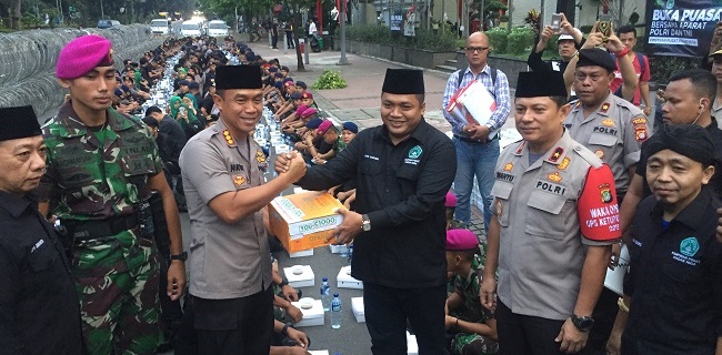 Kelompok silat dari Nahdlatul Ulama itu buka puasa bersama dengan sejumlah aparat TNI-Polri yang telah menjaga demokrasi di Gedung Mahkamah Konstitusi (MK).
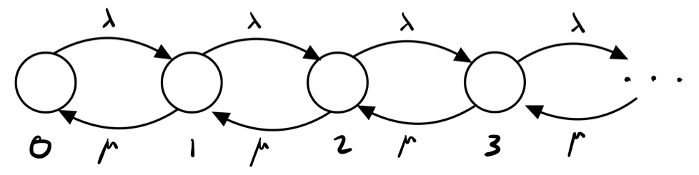 Figure: transition structure of the queue.
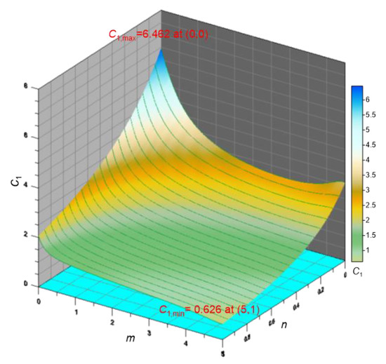 Figure 5 represents the three dimensional curved surface map of with respect to the fundamental frequency parameter in the domain of and for a given set of column parameters of the linear taper, , and , which is the same as previous Figure 3 and Figure 4. Figure 5 reflects the characteristics of both Figure 3 and Figure 4. The value decreases as both and values increase, and therefore the maximum value of occurs at the coordinates ,) and the smallest value of at the coordinates (, , as shown in this figure. If the values and are infinitely extended, i.e., zero flexural rigidity at the clamped end (), the value converges the minimum value of . This means that the cantilever column with the above given set of column parameters has the fundamental frequency parameters in the range of .
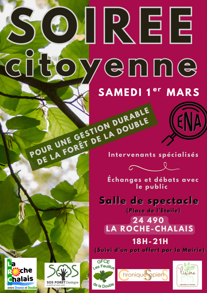 Soirée citoyenne sur la forêt de la Double sur la commune de La Roche Chalais (Dordogne)
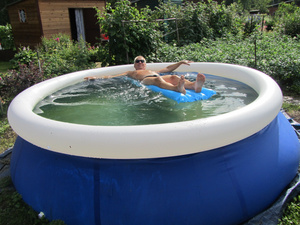 днём на дачах практически никого нет ...в бассейне вода хлорированная ,так я в летний душ просто без трусов хожу ! да повх! лето!!
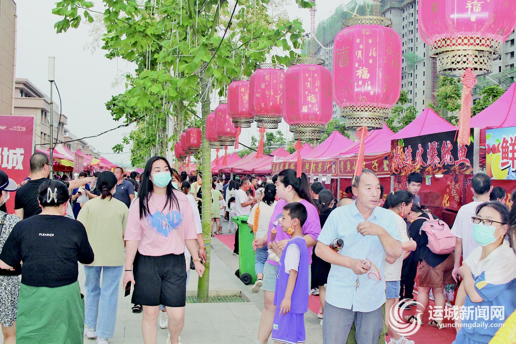 日前,聞喜縣舉辦非遺民俗文化美食節,以加快市場復蘇,激發消費潛能。圖為6月11日,市民在美食節上游玩消費。 特約攝影 溫徐旺 劉 佳
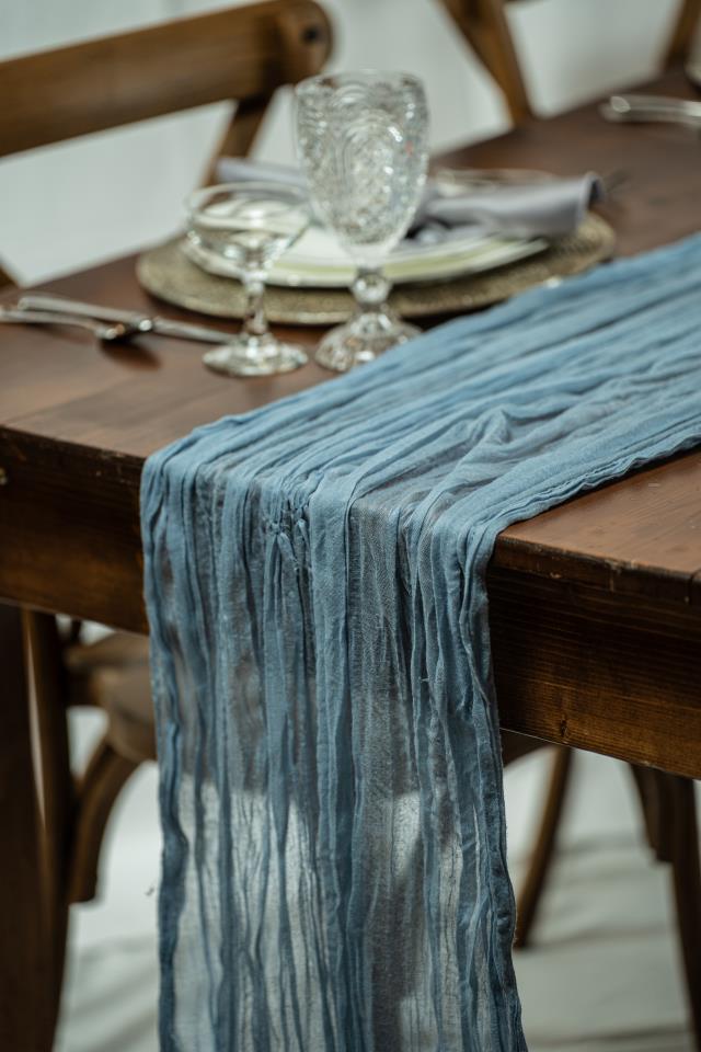 35" x 118" Misty Blue Cheesecloth Runner
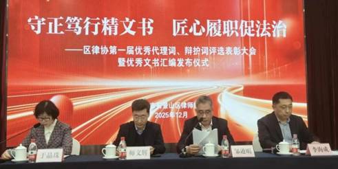 颁奖现场,参会领导为李春荣主任等获奖者逐一颁发荣誉证书。随后,区律协相关负责人正式发布优秀文书汇编,李春荣主任的获奖文书成功入选。据悉,该汇编由区司法局副局长师文辉作序,集中展现了全区律师的精品文书成果,兼具示范与引领价值。
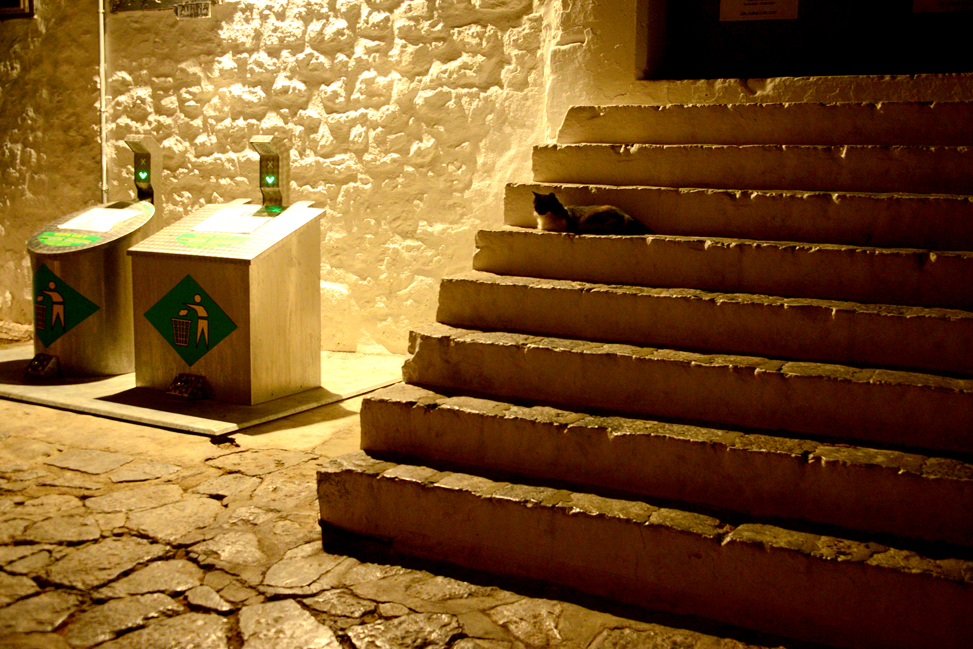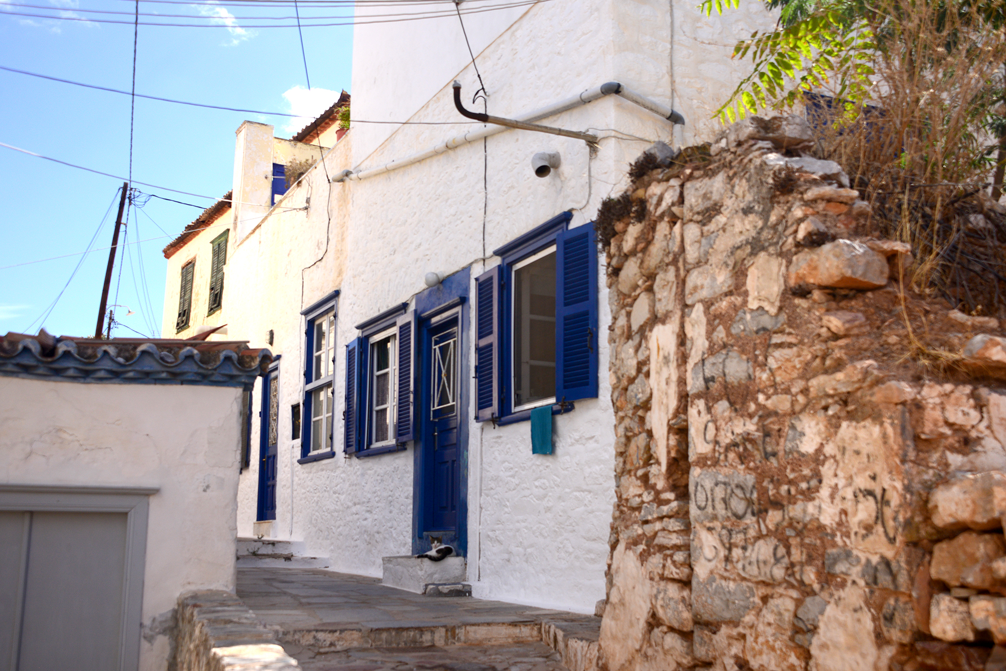 If you crave some alone time, but don’t want to hike all the way up to the monasteries, you can consider a walk to Kiafa, the old quarter which preserves traces of Hydra’s let’s call it pirate-y past- perched high on the hill, it was perfect as a lookout for incoming enemy ships, and it had a mazy structure of walls, some of them still standing, which connected houses to each other, making escape routes easier in case of need. Today, it has some secluded villas for rent, and some property for sale, but it’s otherwise closest in life rhythms to a traditional Greek village- come early afternoon, it’s peacefully enveloped in the scent of slowly cooking food, cats purr away on doorsteps, the silence occasionally punctuated by the cries of children or the hum of a TV or radio. Speaking of radio- I have long given up on most commercial stations, and only very accidentally bumped into Radio Kosmos on our guest house TV’s sound only menu. It has however proven to be a most pleasant discovery, a way of shaking my senses from a certain Spotify algorithm induced monotony. Wandering through Kiafa I had to remark on the much-improved quality of the mobile network, which had the habit of impolitely disappearing ever so often in previous years, especially on narrow streets up the hill. In further surprises, the garbage disposal area outside the football pitch has now been upgraded with the speaking gates of Hades- two underground waste collection containers which can be opened by pushing a pedal and will then proceed to blurt out instructions in both Greek and English, to the incredible merriment of the area’s children, who play with them relentlessly.
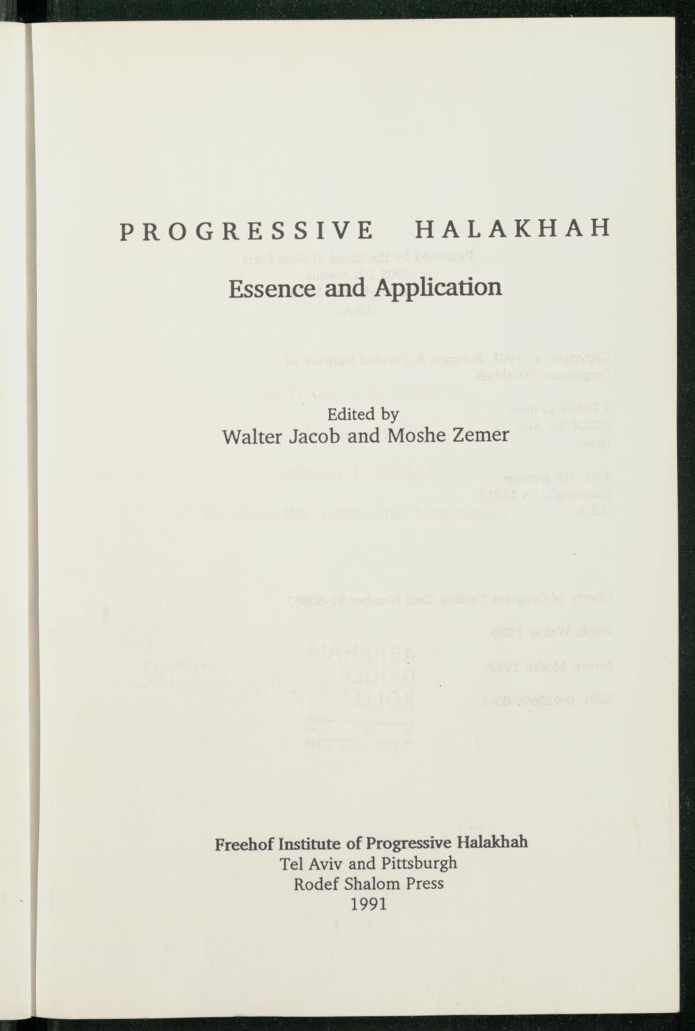 Progressive halakhah : essence and application / edited by Walter Jacob and Moshe Zemer
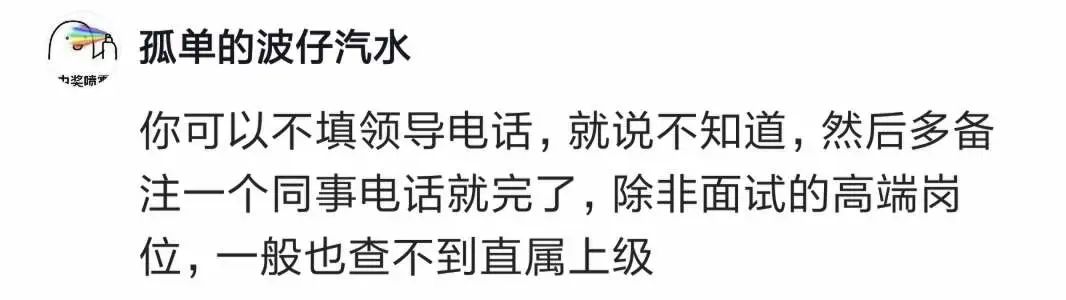 有人说,可以不填领导电话,就说自己不知道,然后多备注一个同事电话。除非面试的是高端岗位,不然一般也查不到直属上级。
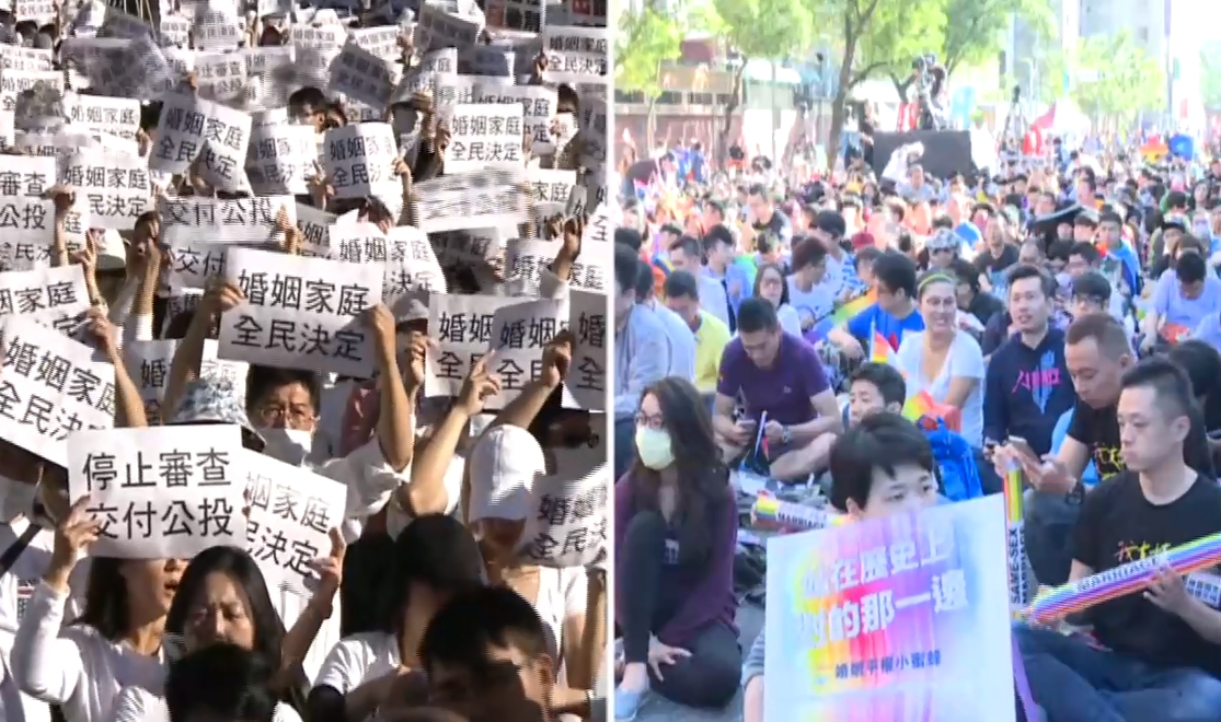 ▼立法院今(26日)審查婚姻平權民法修正案,挺同、反同團體同上街頭表達立場

[Exercise objective] Word for word, restate the lines above from the first through the one that contains "Soirée citoyenne sur", and exclude all pictures.

[Task result]
 Kelompok silat dari Nahdlatul Ulama itu buka puasa bersama dengan sejumlah aparat TNI-Polri yang telah menjaga demokrasi di Gedung Mahkamah Konstitusi (MK).
 Figure: transition structure of the queue.
 Figure 5 represents the three dimensional curved surface map of with respect to the fundamental frequency parameter in the domain of and for a given set of column parameters of the linear taper, , and , which is the same as previous Figure 3 and Figure 4. Figure 5 reflects the characteristics of both Figure 3 and Figure 4. The value decreases as both and values increase, and therefore the maximum value of occurs at the coordinates ,) and the smallest value of at the coordinates (, , as shown in this figure. If the values and are infinitely extended, i.e., zero flexural rigidity at the clamped end (), the value converges the minimum value of . This means that the cantilever column with the above given set of column parameters has the fundamental frequency parameters in the range of .
 Soirée citoyenne sur la forêt de la Double sur la commune de La Roche Chalais (Dordogne)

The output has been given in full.